## Work request
What is needed is an exact copy of the lines in the listing below, from the one with "訓練後は、水が入った消火器を使用しての消火訓練を見学しました。" up to and including the one with "大至星辰祥云,小至花鸟草木,10台巴可I", with no other lines.

## Records for the exercise
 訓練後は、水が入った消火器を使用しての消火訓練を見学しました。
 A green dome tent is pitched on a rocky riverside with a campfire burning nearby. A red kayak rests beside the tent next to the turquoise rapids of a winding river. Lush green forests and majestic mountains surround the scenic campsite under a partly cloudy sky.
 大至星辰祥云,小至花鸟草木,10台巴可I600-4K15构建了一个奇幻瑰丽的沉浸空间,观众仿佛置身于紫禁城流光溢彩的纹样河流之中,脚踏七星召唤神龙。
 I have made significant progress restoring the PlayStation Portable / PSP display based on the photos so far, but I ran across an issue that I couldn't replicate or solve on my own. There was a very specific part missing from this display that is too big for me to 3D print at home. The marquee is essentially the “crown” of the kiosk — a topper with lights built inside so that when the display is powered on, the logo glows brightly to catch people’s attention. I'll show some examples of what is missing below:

==

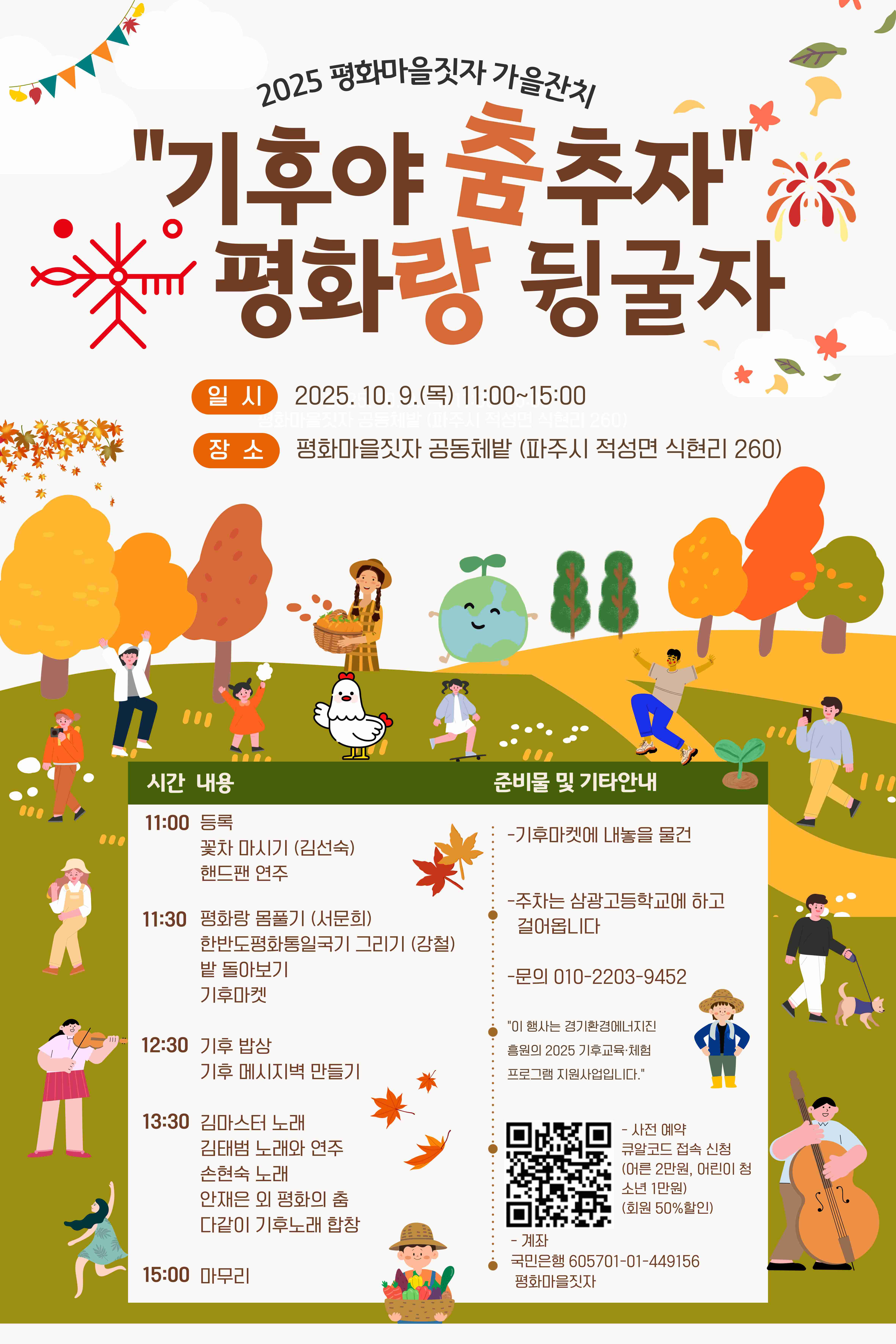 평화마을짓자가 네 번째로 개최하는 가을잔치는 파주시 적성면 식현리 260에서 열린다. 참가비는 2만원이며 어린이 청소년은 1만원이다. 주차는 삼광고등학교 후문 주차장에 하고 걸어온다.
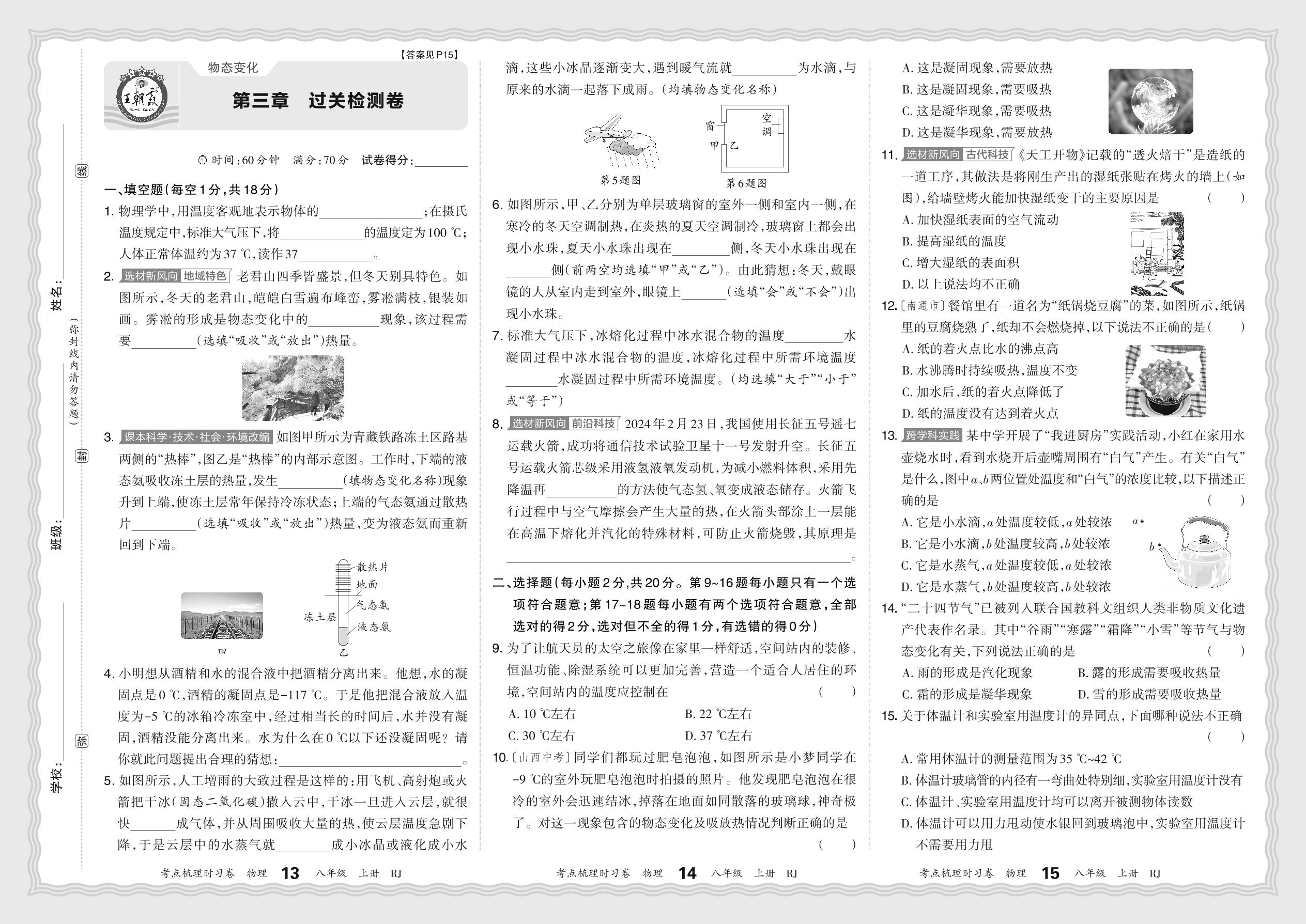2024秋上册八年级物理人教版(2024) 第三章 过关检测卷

---

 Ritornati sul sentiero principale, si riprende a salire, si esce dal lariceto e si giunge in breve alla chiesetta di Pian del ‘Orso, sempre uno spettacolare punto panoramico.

## Solved problem
 訓練後は、水が入った消火器を使用しての消火訓練を見学しました。
 A green dome tent is pitched on a rocky riverside with a campfire burning nearby. A red kayak rests beside the tent next to the turquoise rapids of a winding river. Lush green forests and majestic mountains surround the scenic campsite under a partly cloudy sky.
 大至星辰祥云,小至花鸟草木,10台巴可I600-4K15构建了一个奇幻瑰丽的沉浸空间,观众仿佛置身于紫禁城流光溢彩的纹样河流之中,脚踏七星召唤神龙。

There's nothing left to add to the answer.